Proposal for a shared victory system

There was an interesting discussion over on Discord about the pros and cons of handing your stars to an ally to help them claim victory towards the end of the game. I have been thinking about features for NP4 that I am working on now (weekends only). One possibility is a shared victory system.

The objective of the system is to give a small team of players a way to share a victory when within striking distance of the victory criteria. (50% of stars), and discourage players giving stars to allies to so they can steal victory.

It recognises that changing alliances and backstabbing can be fun mid game, but towards the end of large games, players just want to help their allies bring the game to a close, even if it means they wont get a podium place.

Also, this is a fairly dramatic change it would only be turned on for test games until proven.

Shared Victory System

  • There is a new concept called a Team. (Federation, Alliance)
  • Teams are created and dissolved by players during a game. (max 1 per player at a time)
  • Teams are public and appear at the top of the leaderboard.
  • Players may request to join a team and be approved by any team member.
  • Players may kick team members at any time.
  • Teams can claim victory if they have the required combined star count and has and unchanged members for more than 24 hours.
  • Max team size of 3, 4, or 5 (configurable), to insure the game is nearing completion.
  • Team members automatically in “formal alliance” with shared scanning and fleet movement.
  • Remove the existing formal alliance system. (to keep things simple)
  • Players can be in more than one team.
  • The game will provide stats and infrastructure summaries for the teams.

For later consideration

  • Is a win with two team members a better win than a win with 4 team members?
    • How do we reward it? Would it ever happen anyhow?
  • Consider that there is no such this as a podium you are on the wining team or not.
  • Consider a public policy that giving stars away is frowned upon and you could concede instead. (like cheating accusations)
  • Consider removing the ability to abandon a star, or make abandoning a star destructive.
  • The same code will be used to create static team games for those that want them.
  • Consider allowing teammates to command your empire while you are sleeping.

Some Scenarios

2 players on a team have 20% of stars each for a total of 40%
The remaining 4 players have 15% each but are not allied. 60%
The 4 small players create a team up and win a “4 player win”,
But if 1 of the smaller player can be convinced to join the 2 larger players they earn a “3 player win” which should be celebrated more!

2 players form an uneven team.

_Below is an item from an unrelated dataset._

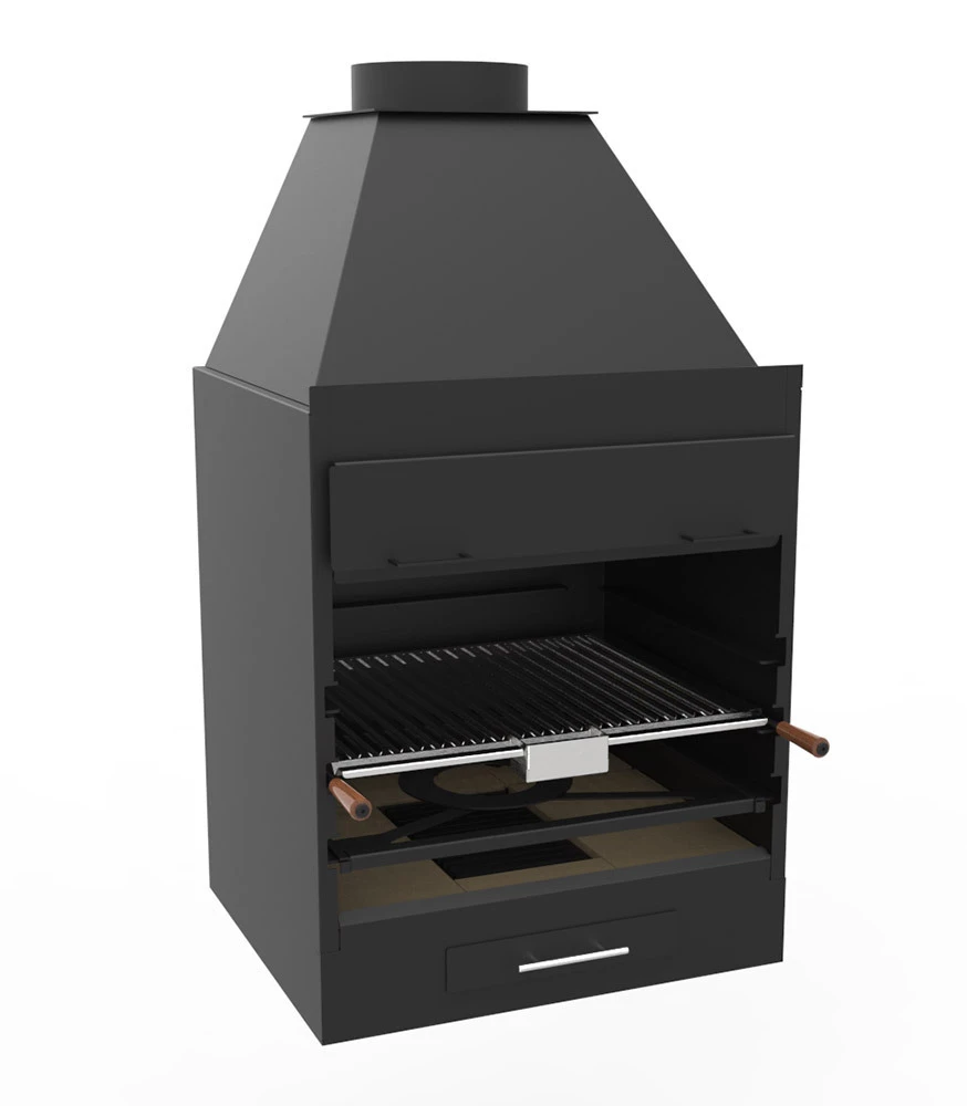 Fabricada con Acero al carbono de 4 mm. y con el interior de ladrillo refractario para poder cocinar y asar con carbón o leña, dándole así un toque de sabor exquisito a su comida.

One with 40% of stars, and the other with 10%
The remaining players must take stars from these two players to prevent the game ending.
A player with 40% of stars can choose any other player with more than 10% to share victory with.

There are 3 teams of 2 players fighting it out, each with more than 25% (but no player has much more than 15%) 2 of the teams can just choose to share the victory and take it.

Assuming max team size of 4, any 4 players in the whole map, with more than 12.5% of stars each could attempt claim victory. Neighbors of the 4 players would have to move quickly to reduce the teams star count.

Any players with more than 12.5% of stars, but with less stars than “the winning player” will be heavily incentivized to try and draw the game to a close by forming a team as quickly as possible. The players smaller than 12.5% will be incentivized to pull them back down.

The “winning player” with more than 12.5% may want to form a team from smaller players to end the game while on top and before other 4 smaller players team up.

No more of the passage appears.